--- SUPPLIED RECORDS Enclosed Below ---

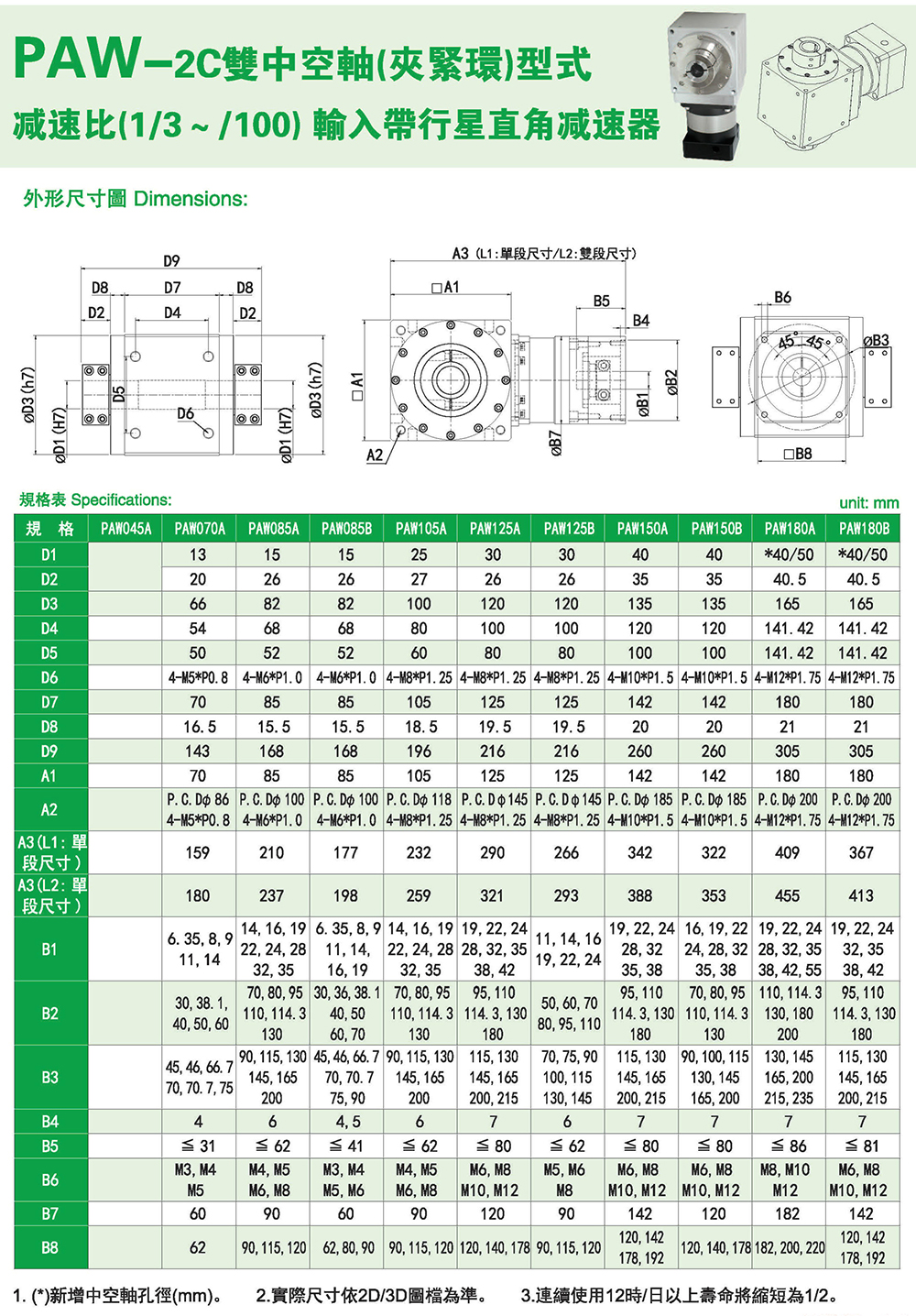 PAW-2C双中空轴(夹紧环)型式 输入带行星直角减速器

--- End of Enclosed SUPPLIED RECORDS ---
--- SUPPLIED RECORDS Enclosed Below ---

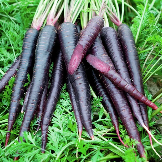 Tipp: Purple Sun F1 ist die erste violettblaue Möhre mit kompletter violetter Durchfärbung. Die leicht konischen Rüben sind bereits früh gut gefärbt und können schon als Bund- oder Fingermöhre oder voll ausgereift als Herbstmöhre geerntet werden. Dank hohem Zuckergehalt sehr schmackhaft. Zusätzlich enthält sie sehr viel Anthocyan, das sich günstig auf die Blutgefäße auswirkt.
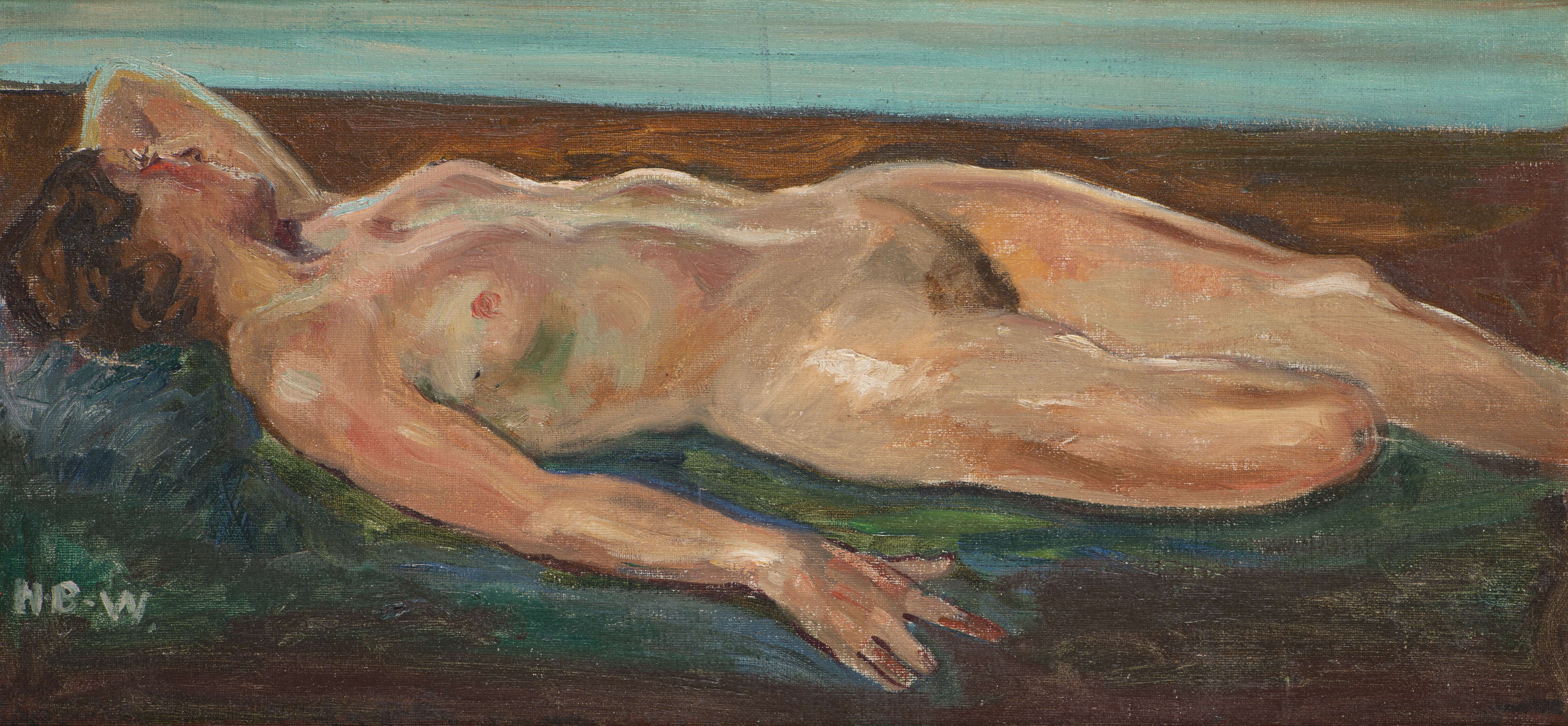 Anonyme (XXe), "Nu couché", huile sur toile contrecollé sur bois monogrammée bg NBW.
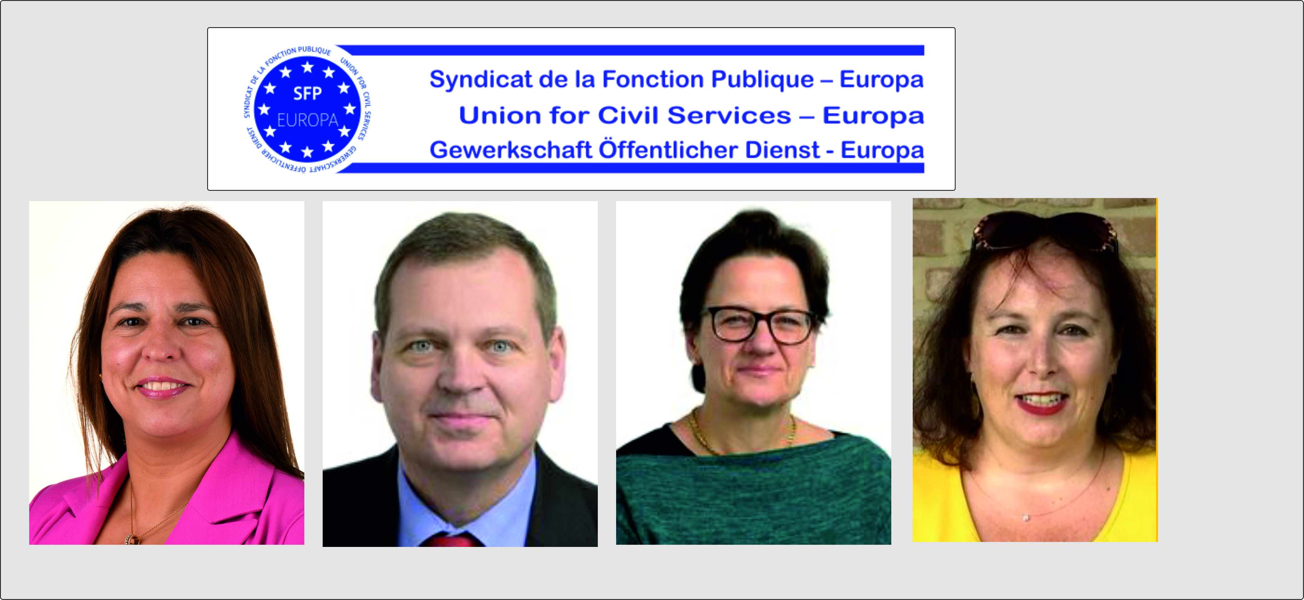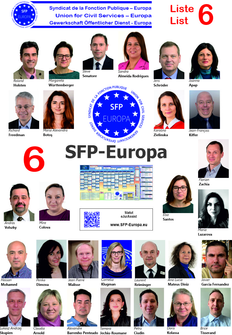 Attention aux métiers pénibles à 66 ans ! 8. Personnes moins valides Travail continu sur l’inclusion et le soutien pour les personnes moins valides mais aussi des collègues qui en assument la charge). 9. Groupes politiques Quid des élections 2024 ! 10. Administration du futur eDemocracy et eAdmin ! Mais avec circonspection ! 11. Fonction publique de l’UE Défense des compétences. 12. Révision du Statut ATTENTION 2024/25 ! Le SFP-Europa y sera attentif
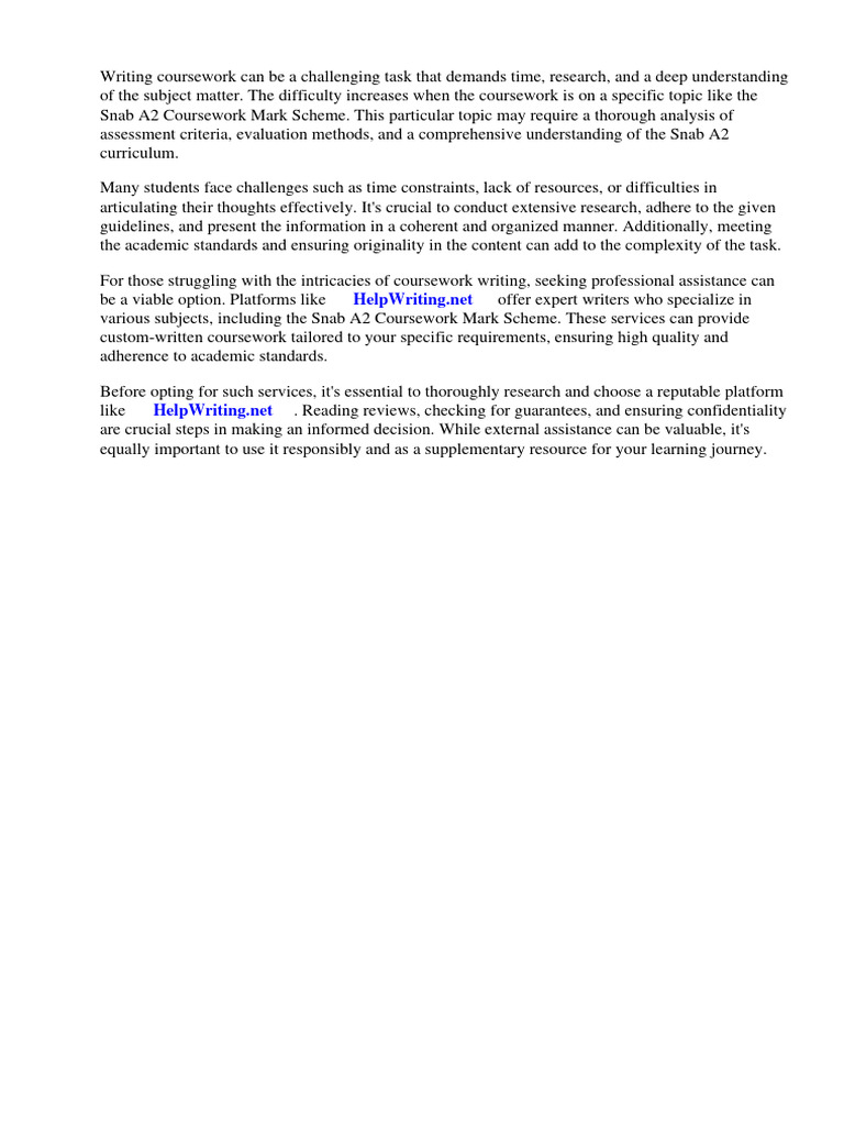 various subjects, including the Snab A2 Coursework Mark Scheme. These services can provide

--- End of Enclosed SUPPLIED RECORDS ---

| PROBLEM TO WORK ON |
Go to the line above that has "Attention aux métiers" and copy exactly from there down to the line that has "various subjects, including", both included. Leave the pictures out.

| YOUR RESPONSE |
 Attention aux métiers pénibles à 66 ans ! 8. Personnes moins valides Travail continu sur l’inclusion et le soutien pour les personnes moins valides mais aussi des collègues qui en assument la charge). 9. Groupes politiques Quid des élections 2024 ! 10. Administration du futur eDemocracy et eAdmin ! Mais avec circonspection ! 11. Fonction publique de l’UE Défense des compétences. 12. Révision du Statut ATTENTION 2024/25 ! Le SFP-Europa y sera attentif
 various subjects, including the Snab A2 Coursework Mark Scheme. These services can provide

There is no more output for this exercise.